**Activity**
Although the entries contain pictures, your copy should hold only their exact text.
___ Material shown ___
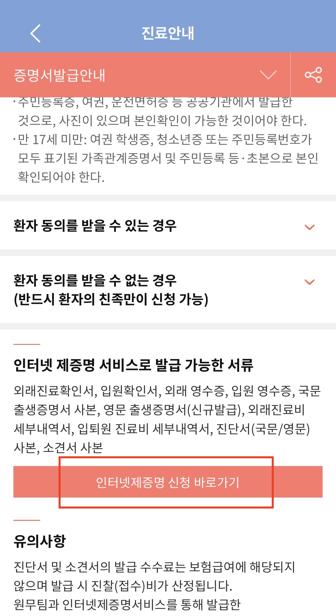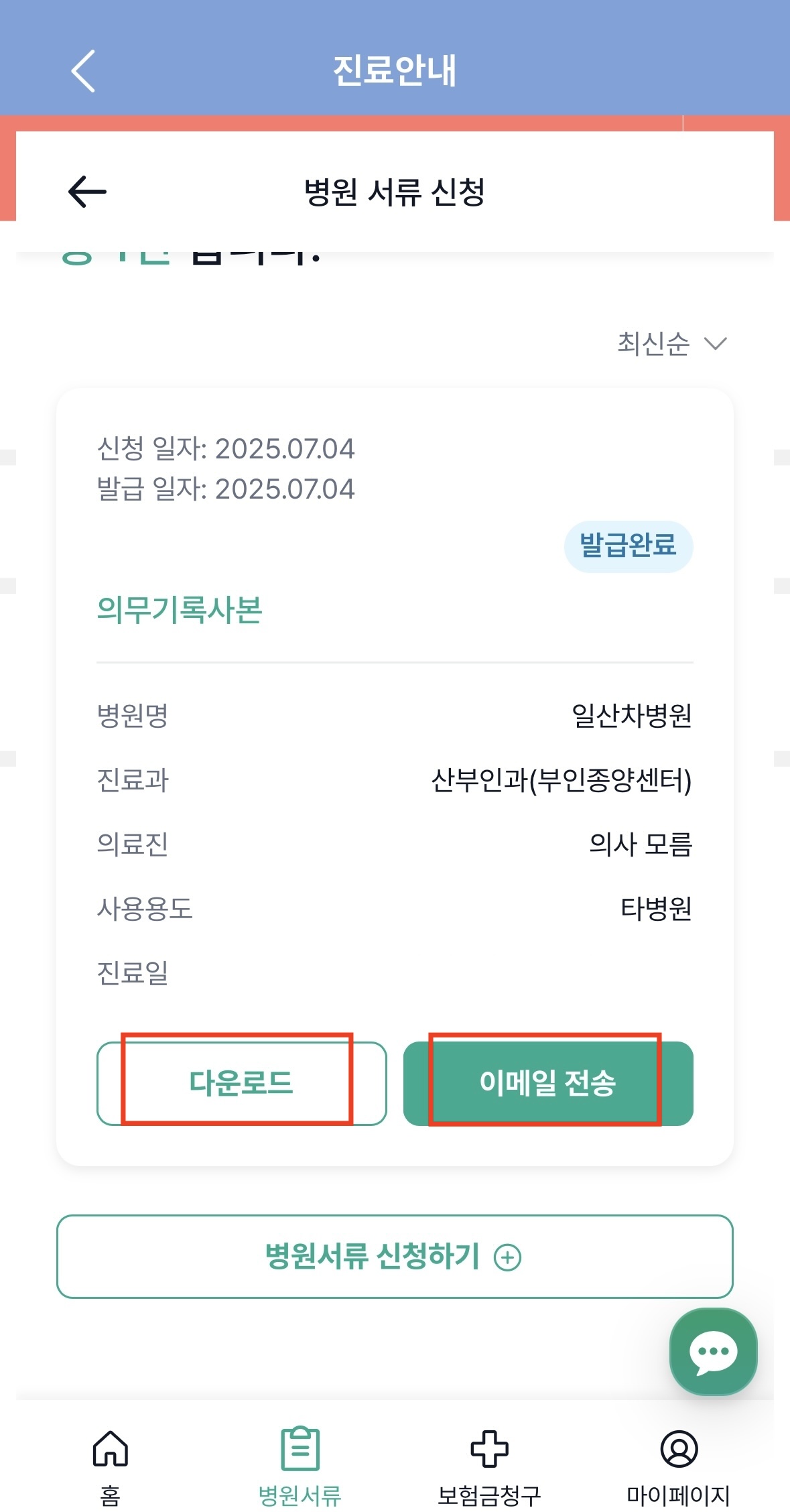 병원마다 신청 방법 및 가능 서류 범위가 다르므로, 사전에 홈페이지를 통해 확인하시는 것이 좋습니다.
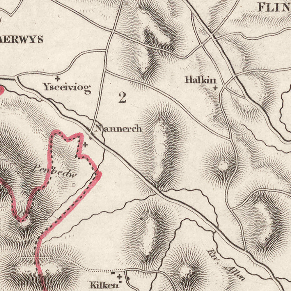 Settlement names anchor the narrative of the county. Flint, with its castle and riverfront, sits opposite the English shore, a sentinel over the Dee. Mold, historically the county town, gathers roads from the hills and is ringed by villages whose fortunes rose with quarrying and lead. Holywell, famed for St Winefride’s Well, appears as a devotional and commercial magnet, while Connah’s Quay signals the growth of modern port facilities on tidal water. Caerwys, a smaller market town, marks the rural heartland. Wrexham, just beyond the county line, is mapped as a neighboring powerhouse, its connections underscoring Flintshire’s proximity to burgeoning industry. The engraving distinguishes boroughs from townships and annotates administrative divisions with quiet precision, allowing the reader to parse civic hierarchies at a glance and to appreciate how geography molded jurisdiction.
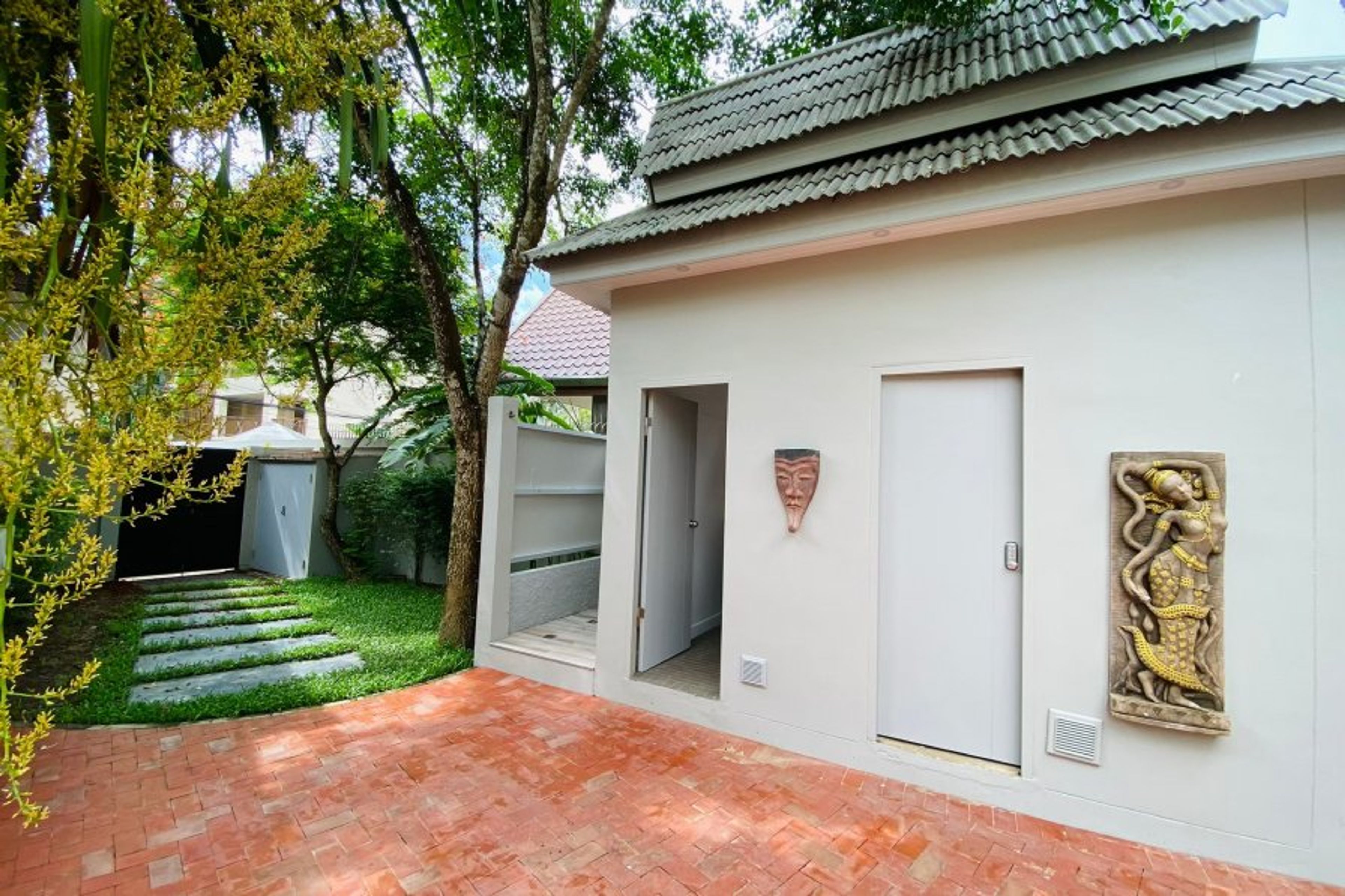 Flawlessly hidden behind high walls, Baan ManuChang is a relaxing and private getaway. The rental property is remarkably furnished in contemporary Oriental style with dark wood and vibrant accent colors and is surrounded by a beautiful exotic backyard garden.
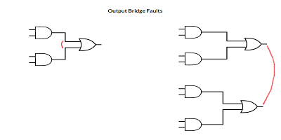 當(dāng)邏輯門的兩條未連接的信號線之間發(fā)生短路時,就會發(fā)生橋接故障。盡管未連接的線之間的柵極間短路似乎不祥,但組合電路中的橋接故障會引起邏輯振蕩。反饋橋接故障會將具有僅依賴于其輸入狀態(tài)的輸出的組合電路轉(zhuǎn)換成具有依賴于輸入時序的輸出的順序電路。更糟的是,同一電路中可能會發(fā)生單橋接故障和多橋接故障。與僅影響兩條線路的單個橋接故障相反,多重橋接故障可以模仿具有公共線路的許多單一橋接故障。
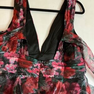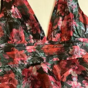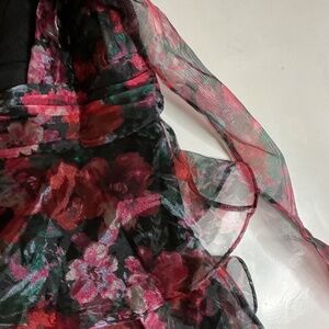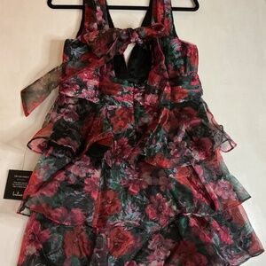 LuLu’s NWT black floral tiered mini dress tie back size Lg
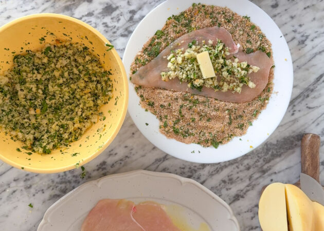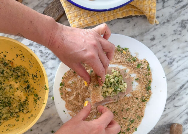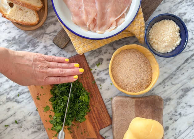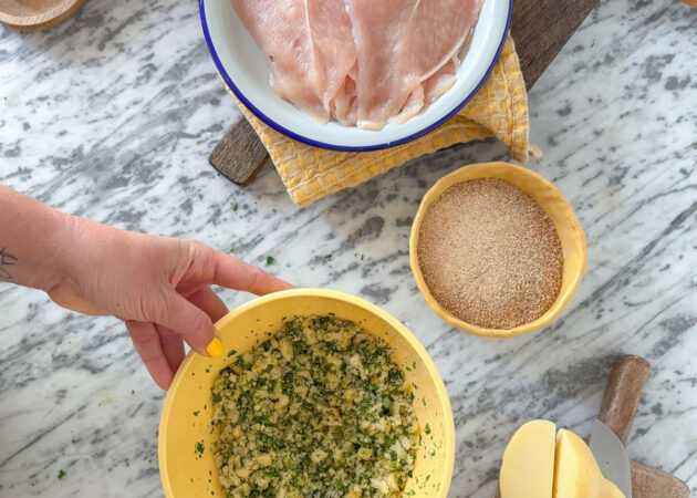 - Preparare la panatura unendo in un piatto il pangrattato, il prezzemolo, il parmigiano e la scorza di limone rimasti;
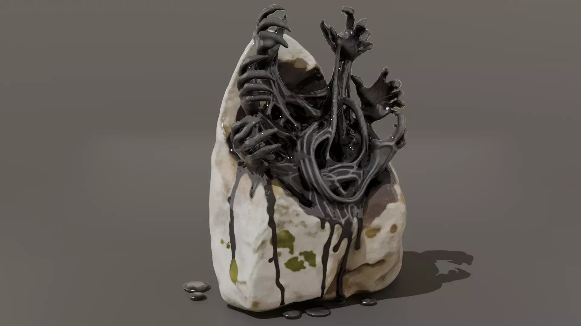 A surreal rock formation shaped like emerging hands, creating a dramatic and eerie visual effect. This unique design makes it ideal for dark fantasy environments such as cursed lands, haunted landscapes, or mysterious ritual locations.
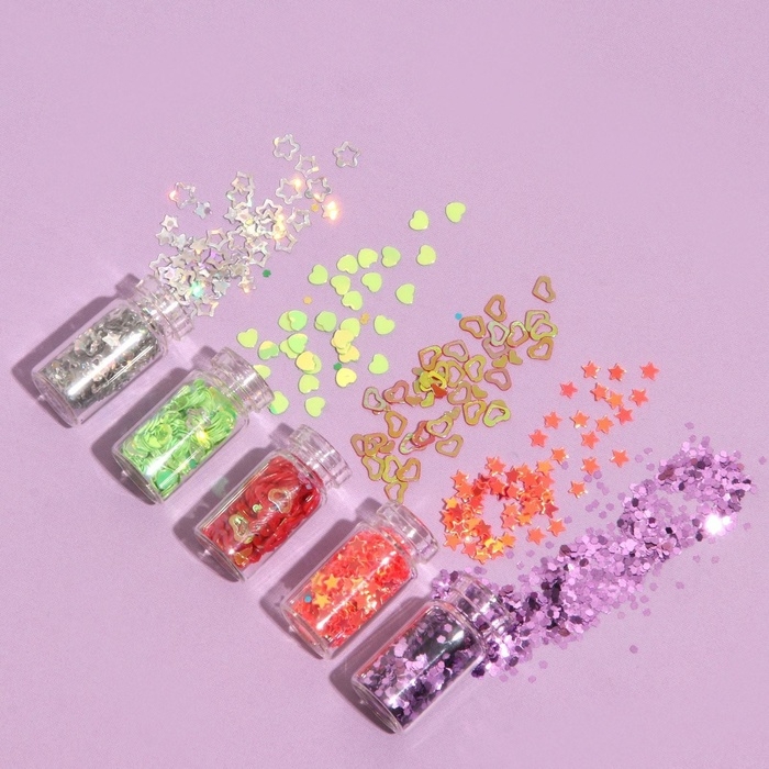 Набор блесток для декора, мелкий помол, цвет алый, 6 штук
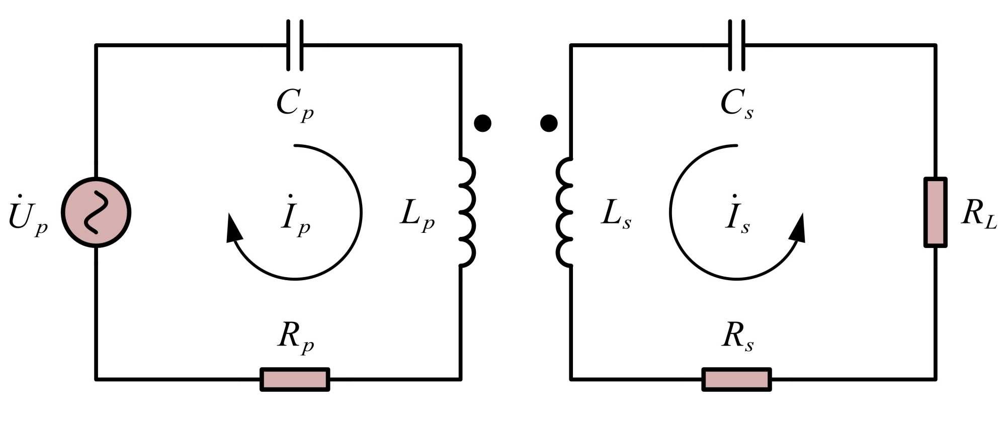 图2为采用串联补偿拓扑时系统的互感等效模型,基于基尔霍夫电压定律可建立如下的回路方程:
___
**Response to the exercise**
 병원마다 신청 방법 및 가능 서류 범위가 다르므로, 사전에 홈페이지를 통해 확인하시는 것이 좋습니다.
 Settlement names anchor the narrative of the county. Flint, with its castle and riverfront, sits opposite the English shore, a sentinel over the Dee. Mold, historically the county town, gathers roads from the hills and is ringed by villages whose fortunes rose with quarrying and lead. Holywell, famed for St Winefride’s Well, appears as a devotional and commercial magnet, while Connah’s Quay signals the growth of modern port facilities on tidal water. Caerwys, a smaller market town, marks the rural heartland. Wrexham, just beyond the county line, is mapped as a neighboring powerhouse, its connections underscoring Flintshire’s proximity to burgeoning industry. The engraving distinguishes boroughs from townships and annotates administrative divisions with quiet precision, allowing the reader to parse civic hierarchies at a glance and to appreciate how geography molded jurisdiction.
 Flawlessly hidden behind high walls, Baan ManuChang is a relaxing and private getaway. The rental property is remarkably furnished in contemporary Oriental style with dark wood and vibrant accent colors and is surrounded by a beautiful exotic backyard garden.
 當(dāng)邏輯門的兩條未連接的信號線之間發(fā)生短路時,就會發(fā)生橋接故障。盡管未連接的線之間的柵極間短路似乎不祥,但組合電路中的橋接故障會引起邏輯振蕩。反饋橋接故障會將具有僅依賴于其輸入狀態(tài)的輸出的組合電路轉(zhuǎn)換成具有依賴于輸入時序的輸出的順序電路。更糟的是,同一電路中可能會發(fā)生單橋接故障和多橋接故障。與僅影響兩條線路的單個橋接故障相反,多重橋接故障可以模仿具有公共線路的許多單一橋接故障。
 LuLu’s NWT black floral tiered mini dress tie back size Lg
 - Preparare la panatura unendo in un piatto il pangrattato, il prezzemolo, il parmigiano e la scorza di limone rimasti;
 A surreal rock formation shaped like emerging hands, creating a dramatic and eerie visual effect. This unique design makes it ideal for dark fantasy environments such as cursed lands, haunted landscapes, or mysterious ritual locations.
 Набор блесток для декора, мелкий помол, цвет алый, 6 штук
 图2为采用串联补偿拓扑时系统的互感等效模型,基于基尔霍夫电压定律可建立如下的回路方程:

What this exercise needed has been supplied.